Stomatal pores control gas exchange in leaves. Changes in stomatal aperture are induced by many environmental factors, such as light and the phytohormone abscisic acid (ABA). The cytosolic Ca2+ concentration [Ca2+]cyt in guard cells is an important regulatory signal controlling stomatal aperture. Rises in cytosolic Ca2+ cause activation of guard cell anion efflux channels and downregulation of K+ uptake channels (Schroeder and Hagiwara, 1989), which provide mechanisms for Ca2+-dependent stomatal closing (Gilroy et al., 1990). The hormone ABA is known to induce increases in [Ca2+]cytin guard cells (McAinsh et al., 1990; Schroeder and Hagiwara, 1990; Gilroy et al., 1991), however, many of the molecular mechanisms in the signal transduction pathway, beginning with ABA receptors and leading to downstream targets remain unknown. In addition, several studies have shown that within populations of guard cells some cells do not show detectable increases in [Ca2+]cyt following exposure to ABA, leading to the suggestion that Ca2+ -independent ABA signaling pathways also exist in guard cells (Allan et al., 1994).

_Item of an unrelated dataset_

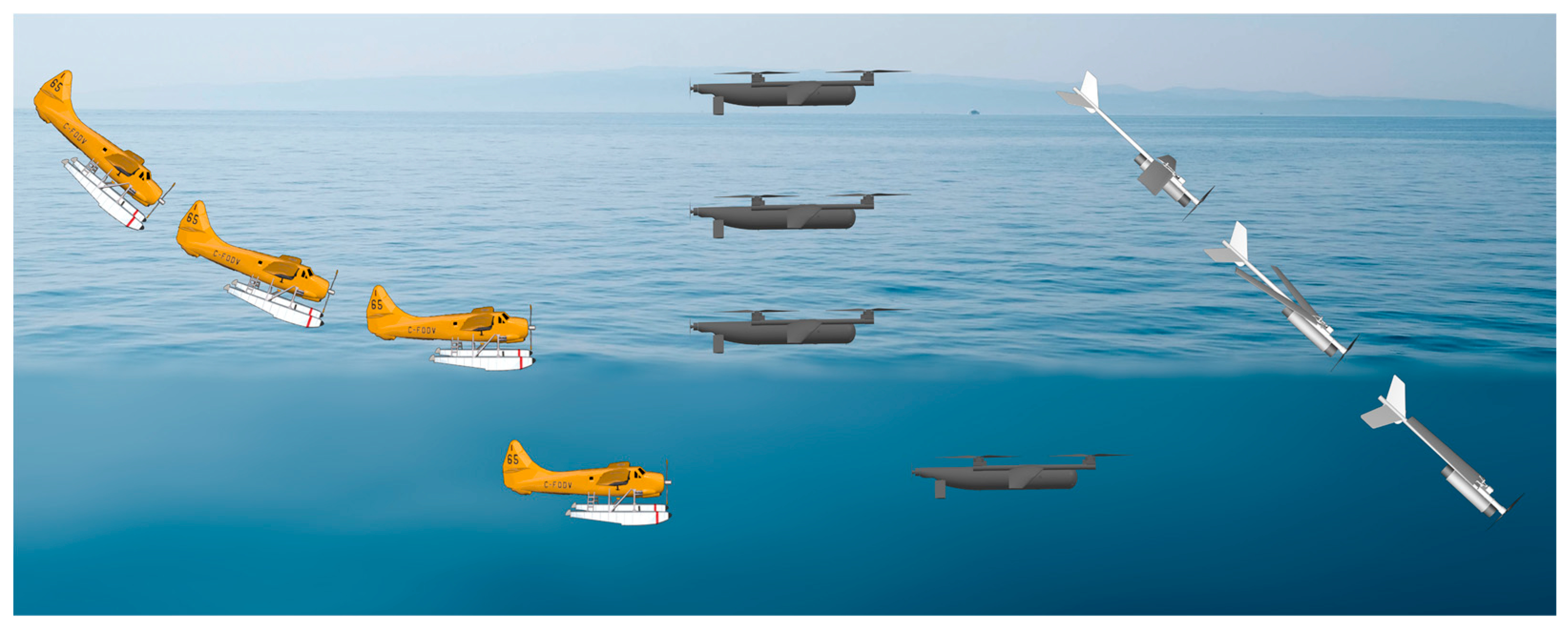 - Yang, X.; Wang, T.; Liang, J.; Yao, G.; Liu, M. Survey on the novel hybrid aquatic–aerial amphibious aircraft: Aquatic unmanned aerial vehicle (AquaUAV). Prog. Aerosp. Sci. 2015, 74, 131–151. [Google Scholar] [CrossRef]

In previous studies, measurements of [Ca2+]cytin guard cells have been conducted using free acid forms of calcium sensitive fluorescent dyes (Grynkiewicz et al. 1985) introduced either by microinjection or by loading protoplasts during patch clamp experiments (Gilroy et al., 1990; McAinsh et al., 1990; Schroeder and Hagiwara, 1990). A limitation of these techniques is that only a single guard cell can be assayed at one time. In addition, these experimental approaches are more difficult using Arabidopsis due to the relatively small size of guard cells, though Arabidopsis mutants provide valuable backgrounds for studying ABA signaling in guard cells (Pei et al., 1997).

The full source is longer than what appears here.